Nanobody‐Engineered Natural Killer Cell Conjugates for Solid Tumor Adoptive Immunotherapy

Cancer immunotherapy based on natural killer (NK) cells is demonstrated to be a promising strategy. However, NK cells are deficient in ligands that target specific tumors, resulting in limited antitumor efficacy. Here, a glycoengineering approach to imitate the chimeric antigen receptor strategy and decorate NK cells with nanobodies to promote NK‐based immunotherapy in solid tumors is proposed. Nanobody 7D12, which specifically recognizes the human epidermal growth factor receptor (EGFR) that is overexpressed on many solid tumors, is coupled to the chemically synthesized DBCO‐PEG4‐GGG‐NH2 by sortase A‐mediated ligation to generate DBCO‐7D12. The NK92MI cells bearing azide groups are then equipped with DBCO‐7D12 via bioorthogonal click chemistry. The resultant 7D12‐NK92MI cells exhibit high specificity and affinity for EGFR‐overexpressing tumor cells in vitro and in vivo by the 7D12‐EGFR interaction, causing increased cytokine secretion to more effectively kill EGFR‐positive tumor cells, but not EGFR‐negative cancer cells. Importantly, the 7D12‐NK92MI cells also show a wide anticancer spectrum and extensive tumor penetration. Furthermore, mouse experiments reveal that 7D12‐NK92MI treatment achieves excellent therapeutic efficacy and outstanding safety. The authors’ works provide a cell modification strategy using specific protein ligands without genetic manipulation and present a potential novel method for cancer‐targeted immunotherapy by NK cells.
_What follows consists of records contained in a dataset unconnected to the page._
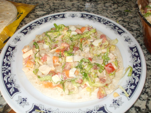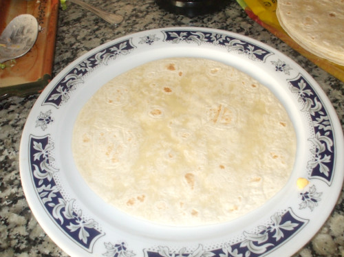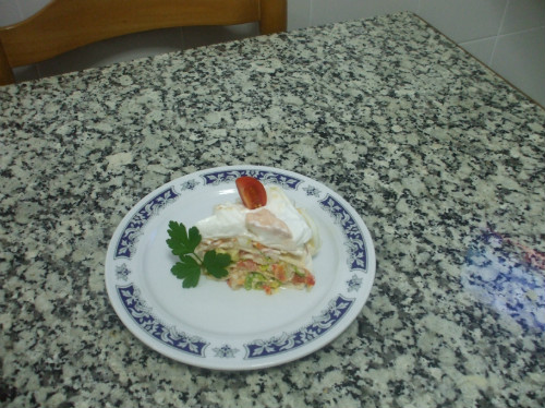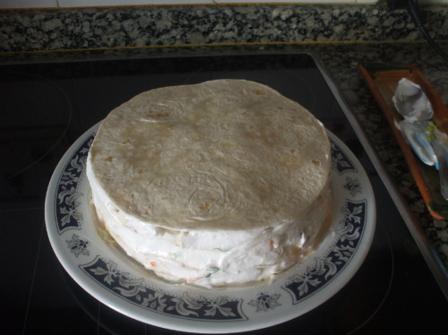 En un plato ponemos una fajita la cubrimos con el relleno, a continuación ponemos otra, así sucesivamente asta terminar con el relleno.
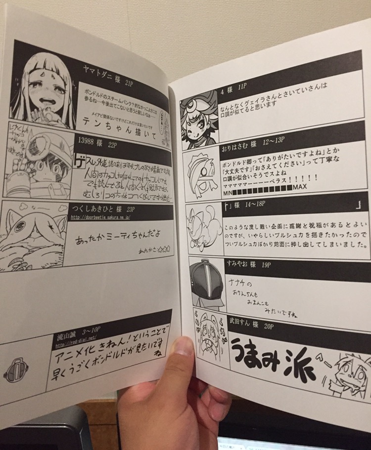 | … | 4926/01/12(月)14:00:14No.1391798696そうだねx19>学園祭のアビス本出した人が元アシでお願いして描いて貰っただけ |
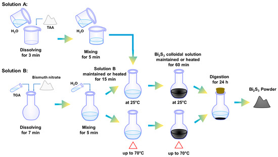Following the synthesis process, the heating source was turned off, and the resulting solution was left to undergo a 24 h digestion period. This digestion process facilitates the separation of the solid phase, forming a sedimented floc, from the liquid phase. The liquid phase, containing dispersed Bi2S3 nanoparticles and byproducts, was carefully poured off. To ensure a neutral pH, the floc was subjected to multiple washes. Finally, the floc was effectively dried by heating it at 70 °C. Figure 1 details the entire Bi2S3 synthesis process described in this section.

A nanobody‐NK cell conjugate is developed using a non‐chimeric antigen receptor (non‐CAR) technique. The 7D12‐engineered NK cells can actively target epidermal growth factor receptor (EGFR)‐positive cancer cells and display remarkably enhanced antitumor immunity toward several types of cancer cells in vitro. The nanobody‐NK cell conjugates gain excellent cancer tissue penetration capability and exhibit improved therapeutic efficacy in vivo.